Dos companheiros desencarnados só alguns melhoraram. Os pobres encarnados sofriam muito. Um dia perguntei ao nosso chefe, o Clóvis.

"Clóvis,será que estamos ajudando mesmo? Será que para isto não é necessário saber?"

“Não sei, José Luiz. Tenho pensado nisto. Mas podemos nos contentar planejando nossa vingança."

"Você não acha que eles colherão do que plantam?"

"Pode ser. Mas vingarei! Vingarei! Nem que Jesus me apareça, eu não perdôo!

Não somos bandidos, nem marginais e fomos miseravelmente tratados por termos um ideal político, por não pensarmos como eles.

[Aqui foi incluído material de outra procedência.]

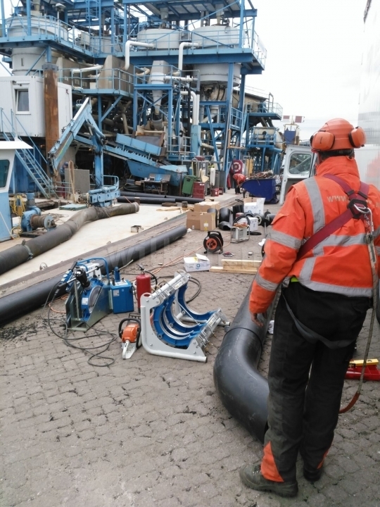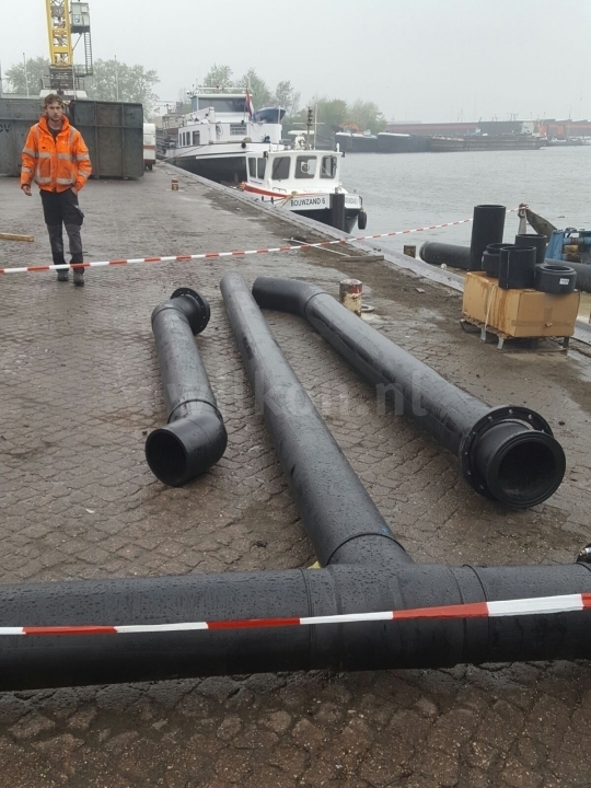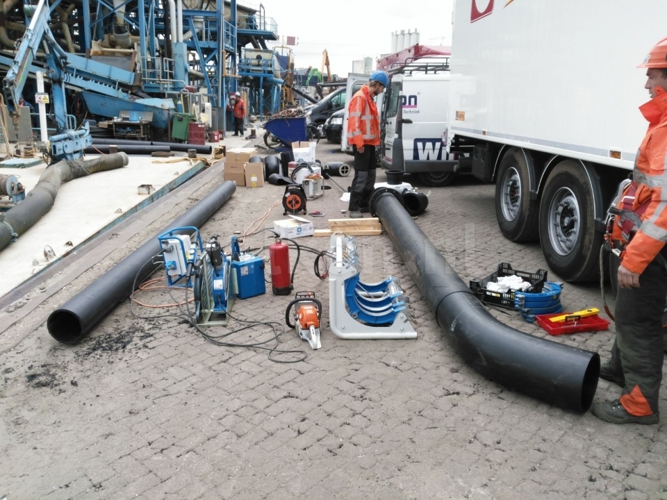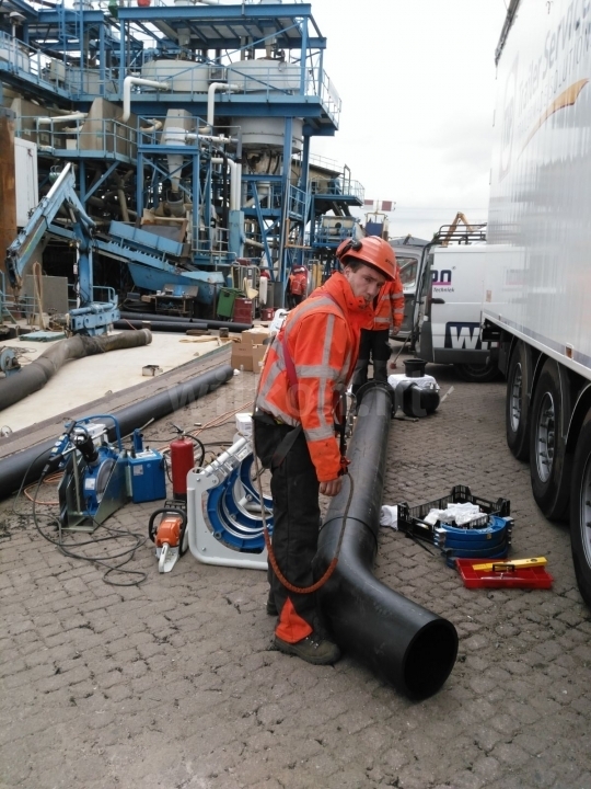 PE100 280 mm SDR 17 leiding spiegellassen. Alles geheel op locatie op maat ingemeten en gemaakt.

Saberei planejar e organizar esta vingança, que não só ficará aos que cumprem ordens, mas aos que mandam também."

"Você disse Jesus? Ele por acaso já esteve aqui?"

"Ele não, mas alguns que trabalham para Ele sim. É só orar que um deles aparece."

Pensei muito no que ouvi. Não estava satisfeito ali,lugar triste,vendo sofrimento e sofrendo. Afastei-me do grupo, fui para um canto do pátio e pus-me a orar as orações decoradas que sabia.

Mas depois, a oração saindo do coração, pedi ajuda e chorei.

"Quer ajuda? Está disposto a perdoar?"

"O senhor é Jesus?"

"Não, sou um desencarnado como você, mas que tem outra visão e entendimento."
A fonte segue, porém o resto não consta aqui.